◆ **Provided data**
::::::::
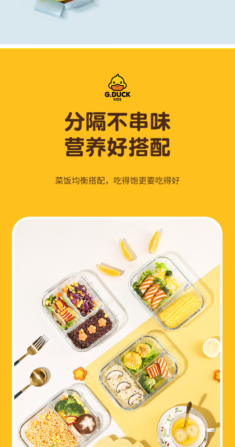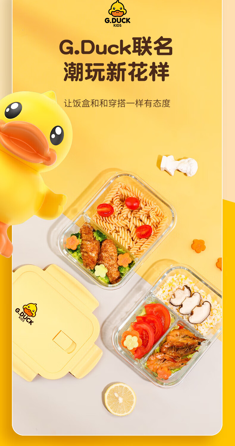 商品名称: 希乐扣Cilock小黄鸭耐热玻璃饭盒保鲜盒便当盒餐盒密封碗便当包长1080+720+包 小黄鸭系列/套
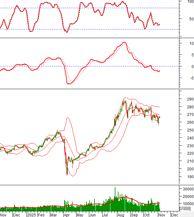 Hiện tại, giá cổ phiếu này vẫn được hỗ trợ khá tốt bởi đường Middle của Bollinger Bands trong bối cảnh chỉ báo MACD tiếp tục tăng và đang tiến về gần mức 0 sau khi cho tín hiệu mua. Điều này cho thấy triển vọng phục hồi trong ngắn hạn đang được ủng hộ.
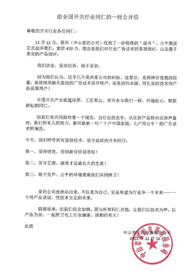 随后,在家的电器《给全国开关行业同仁的一封公开信》中,家的电器提到,公牛集团向其索赔420万元,并称要“坚决应诉,绝不妥协”,并呼吁开关同行“敢于发声”。
::::::::
Please restate the whole listing exactly, without any of its pictures.

 商品名称: 希乐扣Cilock小黄鸭耐热玻璃饭盒保鲜盒便当盒餐盒密封碗便当包长1080+720+包 小黄鸭系列/套
 Hiện tại, giá cổ phiếu này vẫn được hỗ trợ khá tốt bởi đường Middle của Bollinger Bands trong bối cảnh chỉ báo MACD tiếp tục tăng và đang tiến về gần mức 0 sau khi cho tín hiệu mua. Điều này cho thấy triển vọng phục hồi trong ngắn hạn đang được ủng hộ.
 随后,在家的电器《给全国开关行业同仁的一封公开信》中,家的电器提到,公牛集团向其索赔420万元,并称要“坚决应诉,绝不妥协”,并呼吁开关同行“敢于发声”。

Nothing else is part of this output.